**What this task involves**. The response should be an exact repetition of all the entries.

Entries taken from a collection
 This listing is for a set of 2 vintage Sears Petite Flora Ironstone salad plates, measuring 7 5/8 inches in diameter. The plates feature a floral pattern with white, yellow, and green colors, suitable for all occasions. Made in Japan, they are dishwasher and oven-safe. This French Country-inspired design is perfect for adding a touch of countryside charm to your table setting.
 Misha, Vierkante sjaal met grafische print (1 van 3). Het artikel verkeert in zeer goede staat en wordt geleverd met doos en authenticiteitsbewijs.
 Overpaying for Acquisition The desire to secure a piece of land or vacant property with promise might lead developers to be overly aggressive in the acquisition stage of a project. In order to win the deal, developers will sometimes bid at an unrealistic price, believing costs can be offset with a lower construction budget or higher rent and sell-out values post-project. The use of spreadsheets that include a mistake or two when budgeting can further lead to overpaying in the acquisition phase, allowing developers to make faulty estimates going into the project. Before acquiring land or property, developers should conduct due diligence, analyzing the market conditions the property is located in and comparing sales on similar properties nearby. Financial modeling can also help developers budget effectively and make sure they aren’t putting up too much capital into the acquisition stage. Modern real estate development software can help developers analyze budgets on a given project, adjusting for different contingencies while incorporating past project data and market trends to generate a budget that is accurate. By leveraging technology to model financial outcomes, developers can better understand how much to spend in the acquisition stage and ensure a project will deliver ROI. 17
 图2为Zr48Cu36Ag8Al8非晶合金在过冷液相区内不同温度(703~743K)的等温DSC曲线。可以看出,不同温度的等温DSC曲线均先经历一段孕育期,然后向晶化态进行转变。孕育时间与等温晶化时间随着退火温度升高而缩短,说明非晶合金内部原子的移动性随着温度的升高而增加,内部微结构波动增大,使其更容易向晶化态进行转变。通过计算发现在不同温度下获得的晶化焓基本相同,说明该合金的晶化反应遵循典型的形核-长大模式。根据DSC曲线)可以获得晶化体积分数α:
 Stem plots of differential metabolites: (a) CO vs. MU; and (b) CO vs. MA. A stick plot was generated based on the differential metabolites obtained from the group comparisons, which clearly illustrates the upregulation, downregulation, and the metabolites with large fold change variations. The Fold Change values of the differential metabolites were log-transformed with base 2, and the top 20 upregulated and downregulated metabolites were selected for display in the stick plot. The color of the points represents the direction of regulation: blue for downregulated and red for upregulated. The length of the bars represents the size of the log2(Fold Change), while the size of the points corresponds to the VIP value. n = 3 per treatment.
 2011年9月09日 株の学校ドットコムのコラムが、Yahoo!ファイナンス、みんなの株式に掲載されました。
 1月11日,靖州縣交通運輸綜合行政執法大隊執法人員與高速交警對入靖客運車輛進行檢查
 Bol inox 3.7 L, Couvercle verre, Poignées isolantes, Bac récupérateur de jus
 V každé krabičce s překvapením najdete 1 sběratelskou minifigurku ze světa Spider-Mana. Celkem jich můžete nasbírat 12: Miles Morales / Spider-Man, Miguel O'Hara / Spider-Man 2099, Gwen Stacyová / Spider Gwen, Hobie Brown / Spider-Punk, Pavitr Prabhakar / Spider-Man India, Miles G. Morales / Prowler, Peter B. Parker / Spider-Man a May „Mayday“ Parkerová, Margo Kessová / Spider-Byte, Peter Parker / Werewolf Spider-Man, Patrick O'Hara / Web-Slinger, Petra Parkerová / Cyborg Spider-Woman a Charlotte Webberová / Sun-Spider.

**Solution for this task**.
 This listing is for a set of 2 vintage Sears Petite Flora Ironstone salad plates, measuring 7 5/8 inches in diameter. The plates feature a floral pattern with white, yellow, and green colors, suitable for all occasions. Made in Japan, they are dishwasher and oven-safe. This French Country-inspired design is perfect for adding a touch of countryside charm to your table setting.
 Misha, Vierkante sjaal met grafische print (1 van 3). Het artikel verkeert in zeer goede staat en wordt geleverd met doos en authenticiteitsbewijs.
 Overpaying for Acquisition The desire to secure a piece of land or vacant property with promise might lead developers to be overly aggressive in the acquisition stage of a project. In order to win the deal, developers will sometimes bid at an unrealistic price, believing costs can be offset with a lower construction budget or higher rent and sell-out values post-project. The use of spreadsheets that include a mistake or two when budgeting can further lead to overpaying in the acquisition phase, allowing developers to make faulty estimates going into the project. Before acquiring land or property, developers should conduct due diligence, analyzing the market conditions the property is located in and comparing sales on similar properties nearby. Financial modeling can also help developers budget effectively and make sure they aren’t putting up too much capital into the acquisition stage. Modern real estate development software can help developers analyze budgets on a given project, adjusting for different contingencies while incorporating past project data and market trends to generate a budget that is accurate. By leveraging technology to model financial outcomes, developers can better understand how much to spend in the acquisition stage and ensure a project will deliver ROI. 17
 图2为Zr48Cu36Ag8Al8非晶合金在过冷液相区内不同温度(703~743K)的等温DSC曲线。可以看出,不同温度的等温DSC曲线均先经历一段孕育期,然后向晶化态进行转变。孕育时间与等温晶化时间随着退火温度升高而缩短,说明非晶合金内部原子的移动性随着温度的升高而增加,内部微结构波动增大,使其更容易向晶化态进行转变。通过计算发现在不同温度下获得的晶化焓基本相同,说明该合金的晶化反应遵循典型的形核-长大模式。根据DSC曲线)可以获得晶化体积分数α:
 Stem plots of differential metabolites: (a) CO vs. MU; and (b) CO vs. MA. A stick plot was generated based on the differential metabolites obtained from the group comparisons, which clearly illustrates the upregulation, downregulation, and the metabolites with large fold change variations. The Fold Change values of the differential metabolites were log-transformed with base 2, and the top 20 upregulated and downregulated metabolites were selected for display in the stick plot. The color of the points represents the direction of regulation: blue for downregulated and red for upregulated. The length of the bars represents the size of the log2(Fold Change), while the size of the points corresponds to the VIP value. n = 3 per treatment.
 2011年9月09日 株の学校ドットコムのコラムが、Yahoo!ファイナンス、みんなの株式に掲載されました。
 1月11日,靖州縣交通運輸綜合行政執法大隊執法人員與高速交警對入靖客運車輛進行檢查
 Bol inox 3.7 L, Couvercle verre, Poignées isolantes, Bac récupérateur de jus
 V každé krabičce s překvapením najdete 1 sběratelskou minifigurku ze světa Spider-Mana. Celkem jich můžete nasbírat 12: Miles Morales / Spider-Man, Miguel O'Hara / Spider-Man 2099, Gwen Stacyová / Spider Gwen, Hobie Brown / Spider-Punk, Pavitr Prabhakar / Spider-Man India, Miles G. Morales / Prowler, Peter B. Parker / Spider-Man a May „Mayday“ Parkerová, Margo Kessová / Spider-Byte, Peter Parker / Werewolf Spider-Man, Patrick O'Hara / Web-Slinger, Petra Parkerová / Cyborg Spider-Woman a Charlotte Webberová / Sun-Spider.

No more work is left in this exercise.